I looked back at the stars and sighed. “I hope so.”
She turned up and propped herself up on one elbow. “If we weren’t sure, why did we do it?”
“They needed to know.”
“Do you think they’ll survive without a leader?”
“If they can just make it until the spores dissipate, they can start to rebuild.”
She flopped back down. “I can’t believe it’s almost over.”
I laughed, but clapped a hand over my mouth when Sam stirred. “It’s hardly even begun.”
“But the spores are gone. Dalen’s gone. What more is left?”

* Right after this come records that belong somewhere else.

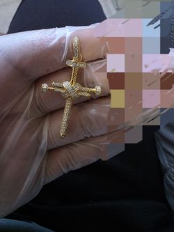 SS925 Moissanite Diamonds Gold Over Cross Pendant $225Los Angeles, CA
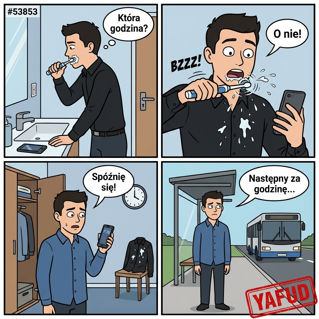 Dzisiaj rano myłem zęby elektryczną szczoteczką. Chciałem sprawdzić godzinę na telefonie i odruchowo wyjąłem szczoteczkę z ust, nie wyłączając jej. Obrotowa głowica rozchlapała pastę z wodą prosto na moją świeżo wyprasowaną, czarną koszulę. Musiałem się przebierać, przez co spóźniłem się na autobus, który jeździ raz na godzinę. YAFUD«Poprzednia wpadkaNastępna wpadka »
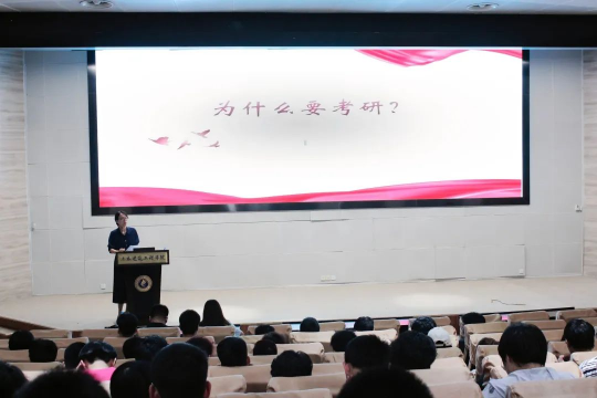 会议上半场,银宁副书记从考研动机、考研形势、考研帮扶政策三方面入手为同学们进行了深度讲解。她指出,考研是拓展学术视野,实现个人价值,扩宽就业机会的重要途径。她鼓励同学们继续努力深造,在专业领域发挥潜力,为社会做出贡献。为了减轻同学们的备考压力,她介绍了相关备考策略和方法,让同学们更加从容地面对考试。
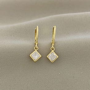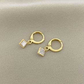 Brinco Argolinha com Pingente Quadrado Ponto de Luz de Zircônia Banhado a Ouro
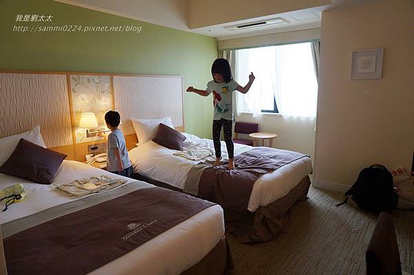 我們在日本的住宿,都是訂兩張單人床Twin(ツイン)的房型,Monterey Grasmere Osaka的兩張單人床房型,每張床有120*203cm大,我們家一大一小睡剛剛好。
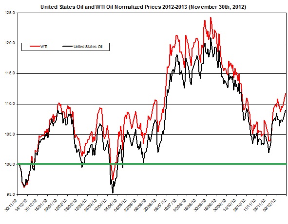 The chart below presents the movement of this ETF and the price of oil normalized to the end of November 2012.

I gestured around us at the desert. “Almost everyone in the country is dead. We have no infrastructure, no government. Even without the spores, we have a long way to go before things ever become normal again.”

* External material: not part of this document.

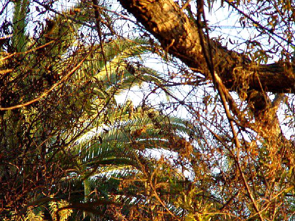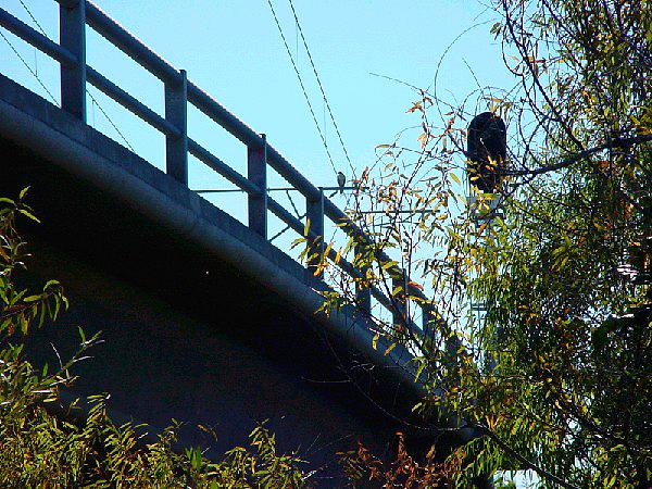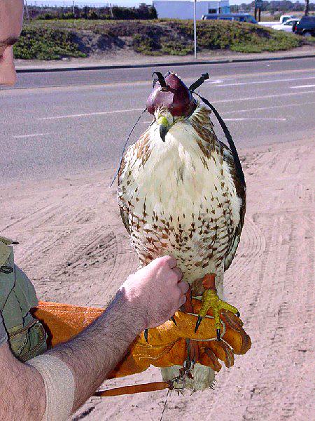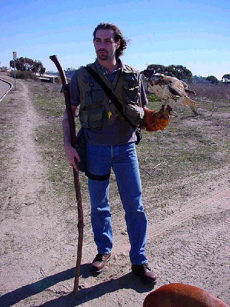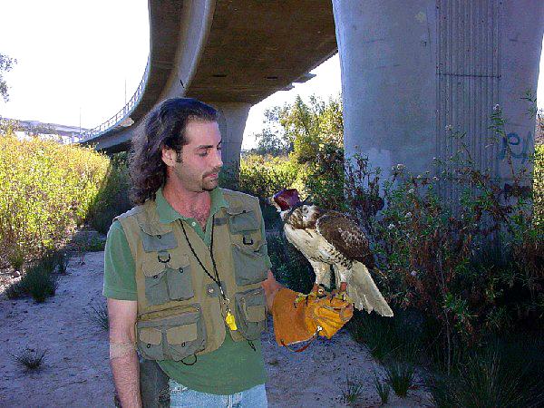 Whisper is a red-tailed hawk flown by a friend of ours. We went out one day to take our birds after rabbit, but once Whisper was loose, she decided it was a great day for soaring and touring parts of the San Diego River bottom. We spent the next day and a half tracking Whisper around. The pictures below show some of the places where we spotted Whisper during that time. We would get Whisper in sight, then she would move. We would pull out the telemetry again, get into her vicinity, and tried to visually locate here. In some places this was easy, and in others it was quite difficult. In the end, Whisper was back with us (last picture), so all's well...
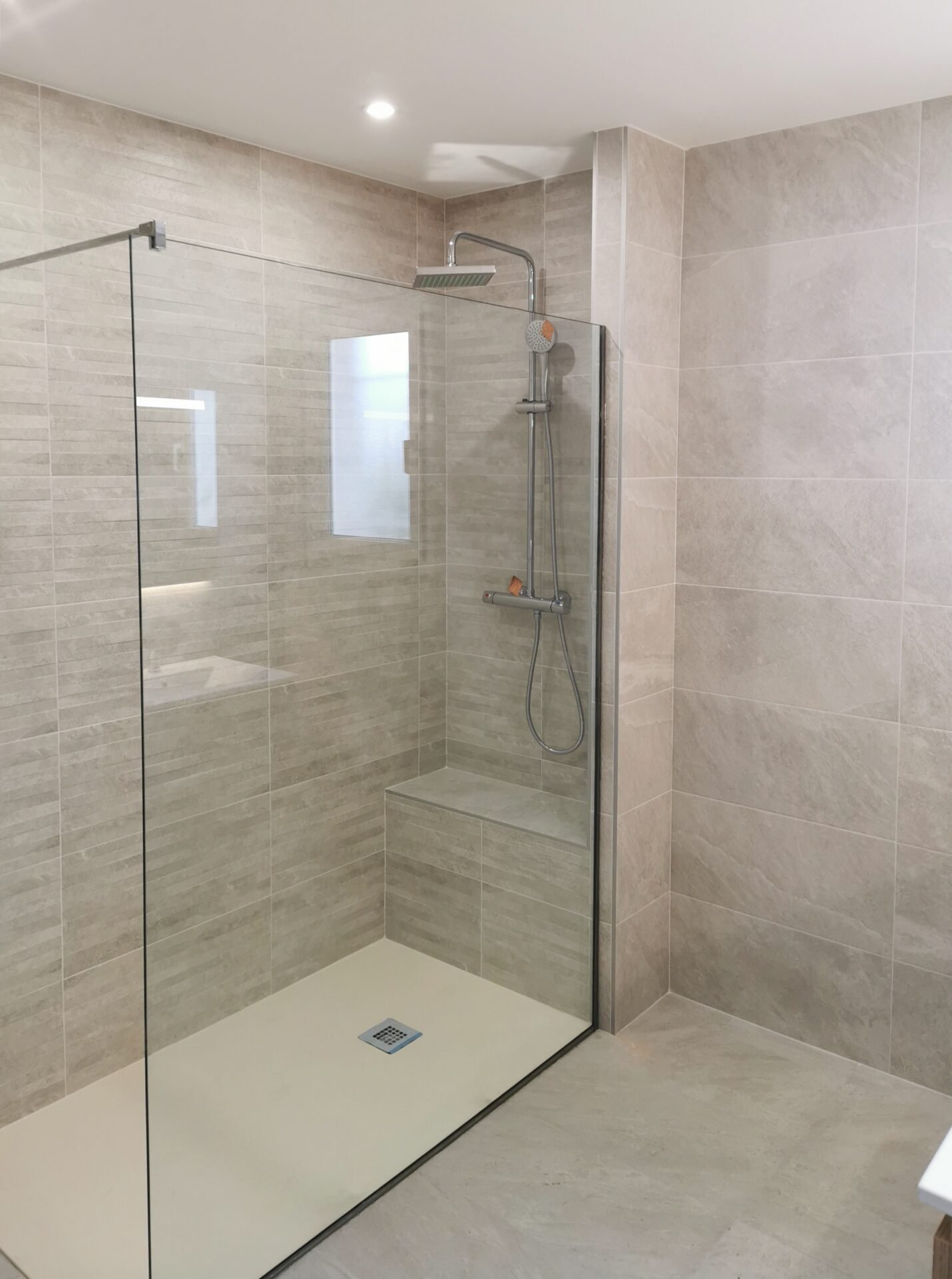 Destaca su ducha a ras de suelo con mampara de cristal y grifería efecto lluvia, aportando amplitud y confort.

Zena sighed. “I forgot.” She was silent for a moment. “Is it horrible that I’m glad my parents are dead?”
“Maybe.” When she huffed, I amended my statement. “But I can understand. They were pretty horrible to you.”
“I’m not glad, exactly. But it’s nice to be free. Maybe I’ll miss them someday.”
Free. I rolled the word around in my head. Are we free? All of the social constructs that had once bothered me so much were gone. The world was much emptier, and as much as I mourned the enormous loss of life, I couldn’t deny that I felt more at peace in this new world order.
It was a new world. One where Sam and Zena and I were the saviors. Where blood ties meant less than the bonds forged in trauma. It was a world where I knew my own strength. Where I had been reborn into a person I hardly recognized. It was a harsh world, and I had been turned into a person who could survive it.
Beside me, I heard Sam’s sleepy voice. “Would y’all just go to sleep? We can rebuild the world in the morning.”
His actions belied the annoyance in his words as he reached over to pull me closer to him. There, in the Nevada desert beneath the stars, Sam kissed me, long and deep, and full of promise.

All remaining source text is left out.